Significance. If the empirical claims hold after verification, the approach supplies a lightweight, broadly applicable loss-level addition to existing LoRA pipelines that addresses a common practical failure mode in LLM adaptation without replay or redesign. The simplicity and compatibility with multiple LoRA variants and backbones would make it a useful contribution to reliable model updating.
major comments (2)
- [Abstract] Abstract (method description): The claim that the regularizer 'preserves the base model’s relative preferences among alternative tokens without directly opposing the cross-entropy signal required for adaptation' lacks supporting analysis. Defining q_b(v) = p_b(v)/(1-p_b(t)) and q_a(v) = p_a(v)/(1-p_a(t)) for v ≠ t makes the KL(q_b || q_a) term an explicit function of p_a(t); its gradient with respect to the target logit is therefore nonzero in general and can couple to the CE loss. No derivative expansion or ablation isolating this effect is referenced.

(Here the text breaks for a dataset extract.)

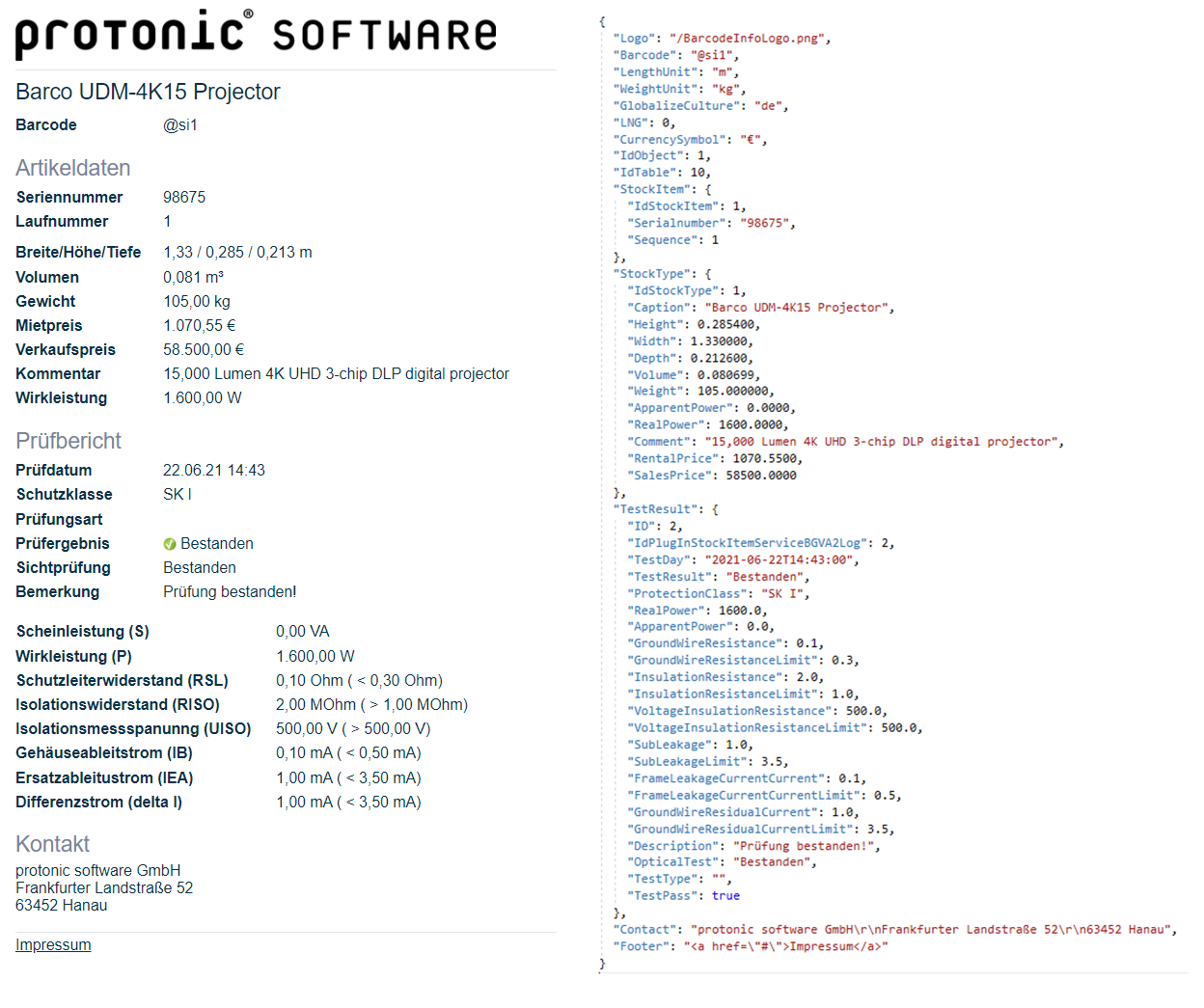 In the following example, the answer to the GET request is shown on the right side in JSON format, and the left side shows how the standard barcode information page visually displays the information and which field names are used for it..

- [Abstract] Abstract (empirical claim): The statement that the method 'improves the frontier between new learning and forgetting' across 'all LoRA variants tested and across various backbones' is presented without reference to statistical significance, number of random seeds, hyperparameter controls, or ablation isolating the regularizer from other training choices. These details are load-bearing for the central empirical claim.
Simulated Author's Rebuttal
We thank the referee for the constructive comments, which identify areas where additional rigor can strengthen the presentation of both the method and the empirical results. We address each major comment below and will incorporate the requested clarifications and analyses in the revised manuscript.
read point-by-point responses
-
Referee: [Abstract] Abstract (method description): The claim that the regularizer 'preserves the base model’s relative preferences among alternative tokens without directly opposing the cross-entropy signal required for adaptation' lacks supporting analysis. Defining q_b(v) = p_b(v)/(1-p_b(t)) and q_a(v) = p_a(v)/(1-p_a(t)) for v ≠ t makes the KL(q_b || q_a) term an explicit function of p_a(t); its gradient with respect to the target logit is therefore nonzero in general and can couple to the CE loss. No derivative expansion or ablation isolating this effect is referenced.
Authors: We acknowledge the referee's observation that the normalization factor introduces a dependence on p_a(t), so the gradient of the KL term w.r.t. the target logit is nonzero. The original phrasing intended to convey that the regularizer operates on the conditional distribution over non-target tokens and therefore does not directly penalize increases in the target probability (the primary adaptation signal remains the CE loss). Nevertheless, we agree that a precise characterization of the coupling is needed. In the revision we will add (i) an explicit derivative expansion of the regularizer gradient w.r.t. the target logit and (ii) an ablation that isolates the contribution of this term from the CE signal. revision: yes
-
Referee: [Abstract] Abstract (empirical claim): The statement that the method 'improves the frontier between new learning and forgetting' across 'all LoRA variants tested and across various backbones' is presented without reference to statistical significance, number of random seeds, hyperparameter controls, or ablation isolating the regularizer from other training choices. These details are load-bearing for the central empirical claim.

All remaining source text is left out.